Most languages are privileged. In python you can't define your own calling
convention or add your own flow control. If the language wasn't privileged,
then it would't be a language.

>you can't pass a slice of concrete types conforming to an >interface into a
function expecting a slice of interfaces.

Interface and concrete types are different sizes, so doing this requires an
allocate. The language chooses not to hide this as it would be different from
how all other kinds of slices work.

> Makes it difficult to find out why your program crashed > because the
> information you need has been cut off by the > terminal!

This is a problem with your terminal. Getting a terminal that has a bigger
buffer is a good idea, logging to a file is also a good idea. It would be
weird to have the thing that happened first be at the end of the stack trace.

>If you want to change whether an entity is public/private, >you have to
replace all occurrences.

This is a rare thing to do and you get the advantage of knowing the visibility
of a method or variable as you read it. Code is read more often than it's
written, so they optimise for readability.

>You can't use custom types for the key of a map. To get >around this, you
have to use maps of maps.

The built in map covers most people's needs. If your needs differ then people
have written external packages that implement a hash map. Every additional
feature is a burden on anyone that doesn't use it.
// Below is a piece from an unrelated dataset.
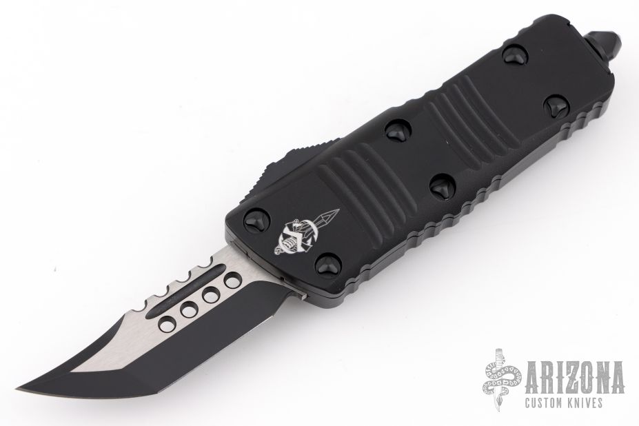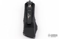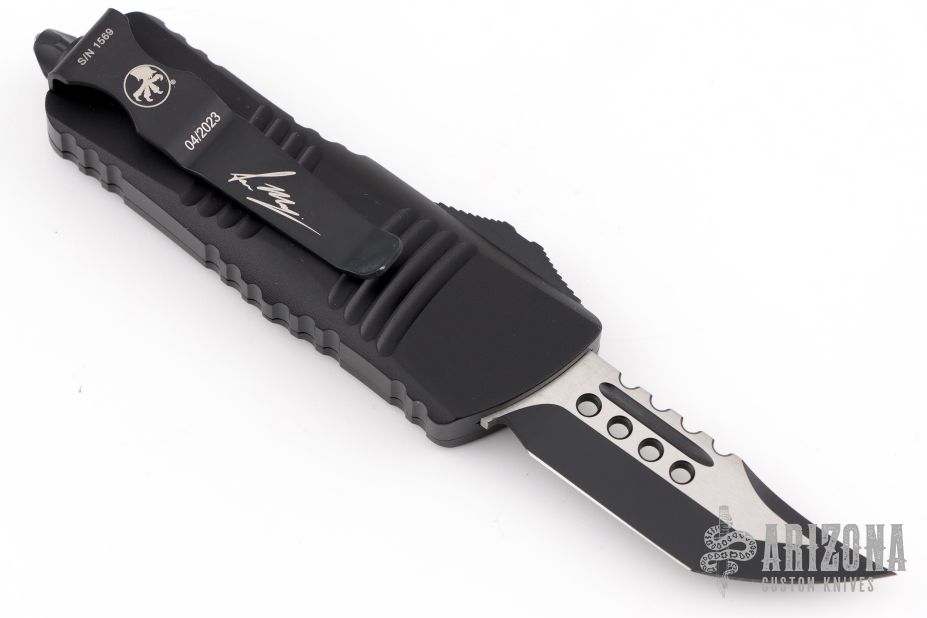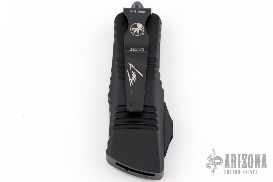 This Signature Series Troodon Mini Hellhound OTF automatic by Microtech knives features a Black Tactical finished single edged blade, and a black aluminum handle with black hardware, tip down carry. Glass breaker. S/N 1569. Dated 04/2023. Comes with original box and papers. Excellent condition.

> You can't select over multiple io.Readers without starting > a goroutine for
> each one.

You can't select{} on io.Readers because the io package isn't part of the
language. But you can certainly write a package that uses the OS's select()
syscalls to wait on any number of file descriptors(which would block the
goroutine and the thread it's running on as expected). Yep. But goroutines are
cheap. Also, how do you select over an arbitrary type?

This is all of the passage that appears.